192章 匙加減焼きそば
ミサキは厨房に戻ったあと、マイに頭を下げる。
「マイちゃん、焼きそばの作り方を教えてください」
「ミサキちゃんのやりたいように作るのがコンセプト。私たちは指導するつもりはないよ」
マイは冷蔵庫から、焼きそば、牛肉、鶏肉、豚肉、野菜、エビ、イカ、卵などを取り出す。いつもの焼きそばには、使用しない具材がふんだんにあった。
「肉を多めにしてもいいし、野菜をたっぷり入れるのもOKだよ。エビ、イカ、卵などを試してみるのもいいよ。たくさんの具材を使用して、オリジナル焼きそばを完成させてね。料理をスムーズにできるよう、野菜のカットだけはやっておいたよ」
記憶の糸を必死に辿っていく。焼きそばをうまく作るためには、調理の順番は非常に重要だ。
ミサキは火をつけたあと、油をフライパンに投入する。フライパンから油がはねないよう、少
量にした。
フライパンが温まったら、豚肉を入れた。生で食べられないため、しっかりと火を通していきたい。
肉をしっかりと加熱したら、キャベツをプラスする。こちらについては、しんなりとするまで炒めるようにしよう。
キャベツをいためたあとは、焼きそばを加熱する。程よく痛めることができたら、焼きそばソースを入れて完成だ。

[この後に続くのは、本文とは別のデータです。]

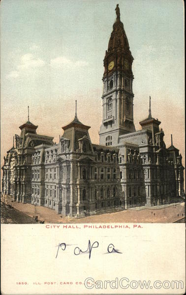 Front: EFE 論丽丽 HA IN CITY HALL, PHILADELPHIA, PA. papa 1850. ILL POST. CARD CO., N. Y. Back: PLACE POSTAGS DOMESTIC AND
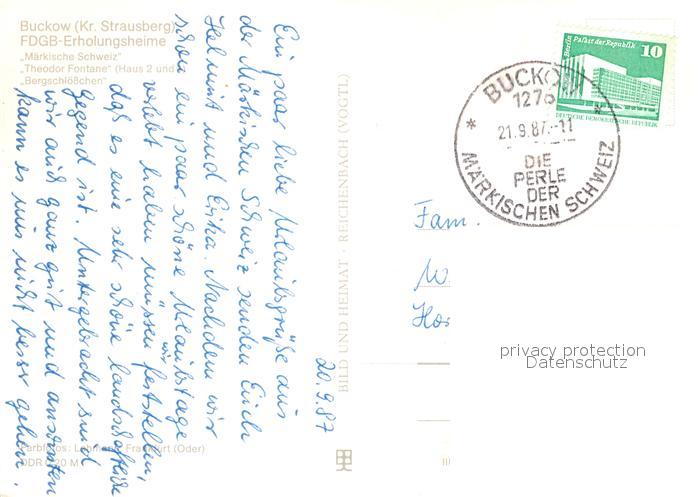 73030128 alte Postkarte Buckow Maerkische Schweiz Erholungsheime Maerkische Schweiz Theodor Fontane Bergschloesschen postalisch gelaufen Erhaltung siehe scans [PaolaD17] KatCode: 11110012064084

焼きそばソースをかけると、香ばしい香りが広がった。最初にしては、うまくできたのではなかろうか。
「マイちゃん、完成したよ」
「わかった。お客様に持っていくね」
2度目の焼きそばを作っているときに、重大なミスをしていることに気づいた。本来は入れるべきもやしを入れ忘れているではないか。もやしの入っていない焼きそばは、欠陥商品そのものである。
マイは厨房に戻ってきた。
「マイちゃん、もやしを入れ忘れていたよ」
「ミサキちゃん、気にしなくてもいいよ。次々と焼きそばを作ってね」
「欠陥商品はお客様のクレームにつながるよ」
「そばを忘れるのはNGだけど、もやしくらいなら問題ないよ」
マイは全く動じていなかった。ポジティブな女性は、強心臓をも兼ね備えている。
「ミサキちゃん、エビ、イカなども積極的に使ってね」
「普段とは全然違うような・・・・・・」
「本日はオリジナル焼きそばデーだよ。いつもと同じものでは、つまらないじゃない」
「客離れが・・・・・・」
「ミサキちゃん、余計な心配をするよりも、焼きそばを作ることに集中しよう」
ミサキはフライパンに油をひく。心にモヤモヤがあるのか、前回よりも油の量は増えていた。